We meet at what’s known as “The Loop” — one end of Acacia Street, which borders Brisbane Airport and offers the best runway-side sight lines for spotters, including a raised concrete viewing platform. At age 15, Amundsen began learning to fly at flight school; a year later, he was flying a skydiving plane for fun and profit, and by 19 he had obtained his commercial pilot license. He has clocked over 3,000 hours in the cockpits of airplanes and helicopters. Coates is employed by the Qantas Group too, as a ground handling agent here at Brisbane Airport — a job that, he says with a smile, involves “passenger marshaling, boarding flights, standing out on the apron, getting high on aviation fuel every day.” He jokes that he has logged over 800 “backseat hours” on commercial flights.

Through the windshield, we watch a red-tailed Boeing 747 take off. “See, there we go, he’s off to Singapore,” says Amundsen, pointing. “He’s up nice and early.”

“Very early variation,” says Coates, admiring the steep ascent.

“That’s, like, a QF8 rotation. He’s got awesome headwind. The wind’s coming from the south, and going over the wing.”

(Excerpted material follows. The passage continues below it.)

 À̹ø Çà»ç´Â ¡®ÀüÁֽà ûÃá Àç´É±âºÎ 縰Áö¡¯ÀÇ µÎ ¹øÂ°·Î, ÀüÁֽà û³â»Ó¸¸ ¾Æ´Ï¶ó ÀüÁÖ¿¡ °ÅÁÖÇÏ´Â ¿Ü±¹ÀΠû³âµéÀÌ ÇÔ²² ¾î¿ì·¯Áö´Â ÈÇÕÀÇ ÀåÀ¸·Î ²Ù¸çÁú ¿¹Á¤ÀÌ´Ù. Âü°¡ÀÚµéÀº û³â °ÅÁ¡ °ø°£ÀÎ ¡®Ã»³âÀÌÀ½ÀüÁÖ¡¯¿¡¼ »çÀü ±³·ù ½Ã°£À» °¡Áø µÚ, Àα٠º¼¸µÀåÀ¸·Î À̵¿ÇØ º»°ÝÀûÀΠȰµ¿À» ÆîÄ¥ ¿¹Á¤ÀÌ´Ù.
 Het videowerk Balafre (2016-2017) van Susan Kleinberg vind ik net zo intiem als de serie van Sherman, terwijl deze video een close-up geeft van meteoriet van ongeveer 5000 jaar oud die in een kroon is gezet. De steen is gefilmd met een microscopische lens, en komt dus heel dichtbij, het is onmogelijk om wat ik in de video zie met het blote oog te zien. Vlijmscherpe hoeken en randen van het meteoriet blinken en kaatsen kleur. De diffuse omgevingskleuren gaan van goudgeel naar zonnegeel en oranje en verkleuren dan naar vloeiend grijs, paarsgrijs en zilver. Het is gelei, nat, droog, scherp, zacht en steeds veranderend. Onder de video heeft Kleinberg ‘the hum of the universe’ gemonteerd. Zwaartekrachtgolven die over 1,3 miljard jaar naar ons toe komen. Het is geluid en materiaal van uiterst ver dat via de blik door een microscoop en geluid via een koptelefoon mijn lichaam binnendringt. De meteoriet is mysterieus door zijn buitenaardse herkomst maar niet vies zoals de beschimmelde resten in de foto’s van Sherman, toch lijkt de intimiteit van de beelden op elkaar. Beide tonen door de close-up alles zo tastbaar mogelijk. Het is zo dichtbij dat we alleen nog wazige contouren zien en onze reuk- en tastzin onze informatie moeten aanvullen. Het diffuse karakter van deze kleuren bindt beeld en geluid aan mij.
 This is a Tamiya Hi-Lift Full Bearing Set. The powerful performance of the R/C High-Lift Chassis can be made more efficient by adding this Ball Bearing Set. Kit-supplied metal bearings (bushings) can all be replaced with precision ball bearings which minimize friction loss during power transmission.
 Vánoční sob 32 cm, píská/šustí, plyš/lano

They know the Qantas jet is heading to Singapore because it ascended so sharply. “There’s two [Qantas] 747s,” says Amundsen. “One goes to L.A., one goes to Singapore. The L.A. one goes out a hell of a lot heavier; it would have over 100 tons of fuel on board. That would only have about 60,” he says, pointing again at the now-distant aircraft, growing smaller by the second.

Amundsen knows these routes and schedules particularly well, as he lives nearby. “If I could live closer, I would,” he says. “I can be lying in bed at midnight and hear the Emirates 777 come over, and know exactly what it is, straightaway. I don’t even have to look up.”

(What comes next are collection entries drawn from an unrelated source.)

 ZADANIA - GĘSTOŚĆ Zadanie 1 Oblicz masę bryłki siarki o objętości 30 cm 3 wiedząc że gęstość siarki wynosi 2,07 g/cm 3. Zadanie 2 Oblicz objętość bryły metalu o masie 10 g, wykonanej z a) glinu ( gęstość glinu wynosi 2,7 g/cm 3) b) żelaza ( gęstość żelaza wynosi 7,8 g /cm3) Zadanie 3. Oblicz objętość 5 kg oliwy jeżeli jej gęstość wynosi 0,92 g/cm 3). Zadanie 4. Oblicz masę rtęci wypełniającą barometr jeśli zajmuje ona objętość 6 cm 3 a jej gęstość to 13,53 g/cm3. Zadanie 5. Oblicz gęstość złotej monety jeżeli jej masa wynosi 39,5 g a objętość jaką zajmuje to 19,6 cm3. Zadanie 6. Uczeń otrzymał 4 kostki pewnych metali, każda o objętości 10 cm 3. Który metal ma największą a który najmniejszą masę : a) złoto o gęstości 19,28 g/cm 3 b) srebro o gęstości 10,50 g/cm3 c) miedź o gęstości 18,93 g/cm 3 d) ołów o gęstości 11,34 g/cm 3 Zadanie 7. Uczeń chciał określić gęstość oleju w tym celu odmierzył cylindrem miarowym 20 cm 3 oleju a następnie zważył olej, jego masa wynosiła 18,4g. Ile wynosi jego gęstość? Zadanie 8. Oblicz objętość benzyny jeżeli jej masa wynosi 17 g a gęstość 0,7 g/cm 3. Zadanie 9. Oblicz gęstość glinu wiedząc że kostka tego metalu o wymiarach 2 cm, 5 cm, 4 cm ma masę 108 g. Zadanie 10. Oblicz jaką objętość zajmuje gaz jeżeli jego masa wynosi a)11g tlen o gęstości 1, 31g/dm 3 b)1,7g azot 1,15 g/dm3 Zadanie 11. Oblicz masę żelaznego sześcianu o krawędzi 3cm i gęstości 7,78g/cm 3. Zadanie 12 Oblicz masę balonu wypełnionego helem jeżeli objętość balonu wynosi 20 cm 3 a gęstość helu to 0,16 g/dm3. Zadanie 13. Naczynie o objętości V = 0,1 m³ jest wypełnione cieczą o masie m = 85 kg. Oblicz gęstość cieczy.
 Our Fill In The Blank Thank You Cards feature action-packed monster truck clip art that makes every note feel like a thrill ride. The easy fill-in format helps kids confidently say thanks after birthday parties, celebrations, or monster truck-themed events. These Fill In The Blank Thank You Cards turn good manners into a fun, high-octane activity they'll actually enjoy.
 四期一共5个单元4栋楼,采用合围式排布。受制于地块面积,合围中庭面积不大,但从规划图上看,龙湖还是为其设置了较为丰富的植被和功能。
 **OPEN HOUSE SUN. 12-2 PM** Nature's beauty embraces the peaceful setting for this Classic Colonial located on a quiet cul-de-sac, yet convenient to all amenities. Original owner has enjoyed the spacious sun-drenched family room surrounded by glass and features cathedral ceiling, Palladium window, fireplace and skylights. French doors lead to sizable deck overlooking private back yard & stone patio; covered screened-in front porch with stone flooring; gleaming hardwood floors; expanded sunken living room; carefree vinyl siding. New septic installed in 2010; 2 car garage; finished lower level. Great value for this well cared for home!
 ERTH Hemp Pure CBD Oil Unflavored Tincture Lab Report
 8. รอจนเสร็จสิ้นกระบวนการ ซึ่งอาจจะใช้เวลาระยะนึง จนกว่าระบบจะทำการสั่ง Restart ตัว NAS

Amundsen’s comment about the presidential plane arises as the pair discuss the upcoming G20 summit in November. These two will be among the crowd attempting to gather somewhere near this airport, cameras in hand, searching the skies for Air Force One in the hope of capturing a once-in-a-lifetime event: the president of the United States of America landing at their home airport. An intense Australian Federal Police presence surrounding the miles of wire fences day and night for the duration of the summit mean that shooting Air Force One is an unlikely event indeed. But still, the possibility is there.

And possibility is what drives planespotters — otherwise known as “jetrosexuals,” “aerosexuals,” and “cloud bunnies” — a niche group of obsessives whose intense interest in flight paths, travel schedules, and colorful jet livery occasionally overlaps with the concerns of the general population.